The U.S. government has also said Medicare’s hospital insurance fund will be depleted by 2026, or around the same time as planned in 2020. It released annual directors’ reports on both programs on Tuesday.

“The pandemic and its economic impact have had an effect on social security trust funds, and the future course of the pandemic is still uncertain,” said Acting Social Security Administration Commissioner Kilolo Kijakazi , in a press release.

“Yet social security will continue to play a vital role in the lives of 65 million beneficiaries and 176 million workers and their families in 2021.”

Social Security has two programs, one for retirees and another that provides disability benefits.

The government said the old age and survivors’ insurance trust fund would become unable to pay full benefits from 2033, a year earlier than expected last year, while the disability insurance trust fund would run out in 2057, 8 years earlier.

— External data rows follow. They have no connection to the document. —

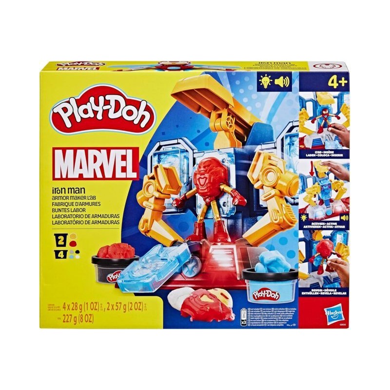 SCEGLI E CREA L ARMATURA DI IRON MAN aiuta Iron Man a prepararsi per la battaglia Scegli 1 dei 3 stampini per l armatura fissalo al set da gioco e premi la levetta per stampare l armatura in Play Doh direttamente sull action figure di Iron Man
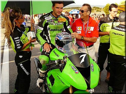 | sur le podium E. Nigon et C. Bourgeois responsable Kawasaki Sport |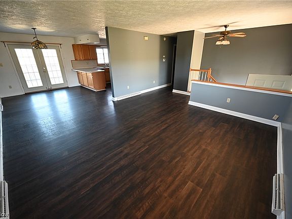 HUD home selling AS-IS. Split-level home with a walk-out finished basement on 2 acres. Upstairs consists of three bedrooms, a full bathroom, a living room, an eat-in kitchen, and a dining area. The full bathroom is a "Jack and Jill," which can be entered from the hallway or the master bedroom. The living room features a bay window. Off the dining area is a large deck that measures 46' x 12" with stairs to the backyard. Downstairs has a family room, laundry room, office, half bathroom, and a two-car attached garage. The detached garage was built in 2005 and measures 32' x 40'. The detached garage has a 100 amp breaker box, heat, air conditioning, water, and auto door openers. The shed/barn measures 12' x 24'.

According to the government, the hypothetical combined AVS and AI funds would become unable to pay the planned benefits in a timely manner in 2034, a year earlier.

Senior administration officials told reporters that the US economic recession caused by COVID has led to a decline in employment and therefore a decrease in payroll tax receipts, accelerating the depletion of Social Security reserves. .

They also said their latest projections took into account other effects of COVID and the recession, such as rising death rates, falling birth rates and lower immigration.

Annual reports have called for adjustments for years, but lawmakers in Washington are opposed to cutting benefits or raising taxes.

Opinion: If Social Security falls into crisis, voters will have no one to blame

The latest status updates for the two largest government benefit programs come after years of discussion of a retirement crisis in the United States, sparked by people saving too little for their twilight years even as retirement periods increase thanks to the increase in life expectancy.